[Stored entries]
◆ ◆ ◆

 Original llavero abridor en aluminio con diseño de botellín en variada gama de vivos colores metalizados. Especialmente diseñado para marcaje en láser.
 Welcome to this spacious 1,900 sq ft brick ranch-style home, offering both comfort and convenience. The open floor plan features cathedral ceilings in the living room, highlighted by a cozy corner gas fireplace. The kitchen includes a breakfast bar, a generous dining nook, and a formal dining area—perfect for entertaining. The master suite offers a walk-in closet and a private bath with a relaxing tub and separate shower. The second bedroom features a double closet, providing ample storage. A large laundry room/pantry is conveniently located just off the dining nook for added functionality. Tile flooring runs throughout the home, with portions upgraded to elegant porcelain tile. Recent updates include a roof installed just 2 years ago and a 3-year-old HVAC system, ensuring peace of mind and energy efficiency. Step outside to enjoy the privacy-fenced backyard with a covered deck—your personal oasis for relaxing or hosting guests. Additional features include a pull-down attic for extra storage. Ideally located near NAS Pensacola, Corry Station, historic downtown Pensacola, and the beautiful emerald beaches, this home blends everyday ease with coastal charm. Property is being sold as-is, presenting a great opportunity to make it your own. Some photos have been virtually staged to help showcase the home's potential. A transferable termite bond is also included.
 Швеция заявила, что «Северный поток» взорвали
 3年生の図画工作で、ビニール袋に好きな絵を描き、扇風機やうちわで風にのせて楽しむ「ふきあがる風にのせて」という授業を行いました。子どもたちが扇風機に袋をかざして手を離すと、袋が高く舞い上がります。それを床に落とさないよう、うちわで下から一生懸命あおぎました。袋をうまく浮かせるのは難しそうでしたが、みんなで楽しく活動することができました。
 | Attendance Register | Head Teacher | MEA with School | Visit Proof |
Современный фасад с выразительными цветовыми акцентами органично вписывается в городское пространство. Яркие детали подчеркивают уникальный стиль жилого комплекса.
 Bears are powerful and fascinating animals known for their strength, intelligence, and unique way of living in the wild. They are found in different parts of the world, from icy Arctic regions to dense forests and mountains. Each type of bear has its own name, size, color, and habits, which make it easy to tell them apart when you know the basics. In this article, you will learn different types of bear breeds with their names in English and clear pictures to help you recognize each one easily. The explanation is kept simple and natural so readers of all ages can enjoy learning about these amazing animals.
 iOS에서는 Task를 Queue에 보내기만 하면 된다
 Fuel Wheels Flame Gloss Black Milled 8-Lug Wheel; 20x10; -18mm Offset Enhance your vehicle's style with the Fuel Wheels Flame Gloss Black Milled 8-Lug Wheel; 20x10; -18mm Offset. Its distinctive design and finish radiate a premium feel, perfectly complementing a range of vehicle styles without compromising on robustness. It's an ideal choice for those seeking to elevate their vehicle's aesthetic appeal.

◆ ◆ ◆

**ASSIGNED TASK:** Please report every line among the entries that includes "their".

**ANSWER SPACE:**
 Bears are powerful and fascinating animals known for their strength, intelligence, and unique way of living in the wild. They are found in different parts of the world, from icy Arctic regions to dense forests and mountains. Each type of bear has its own name, size, color, and habits, which make it easy to tell them apart when you know the basics. In this article, you will learn different types of bear breeds with their names in English and clear pictures to help you recognize each one easily. The explanation is kept simple and natural so readers of all ages can enjoy learning about these amazing animals.
 Fuel Wheels Flame Gloss Black Milled 8-Lug Wheel; 20x10; -18mm Offset Enhance your vehicle's style with the Fuel Wheels Flame Gloss Black Milled 8-Lug Wheel; 20x10; -18mm Offset. Its distinctive design and finish radiate a premium feel, perfectly complementing a range of vehicle styles without compromising on robustness. It's an ideal choice for those seeking to elevate their vehicle's aesthetic appeal.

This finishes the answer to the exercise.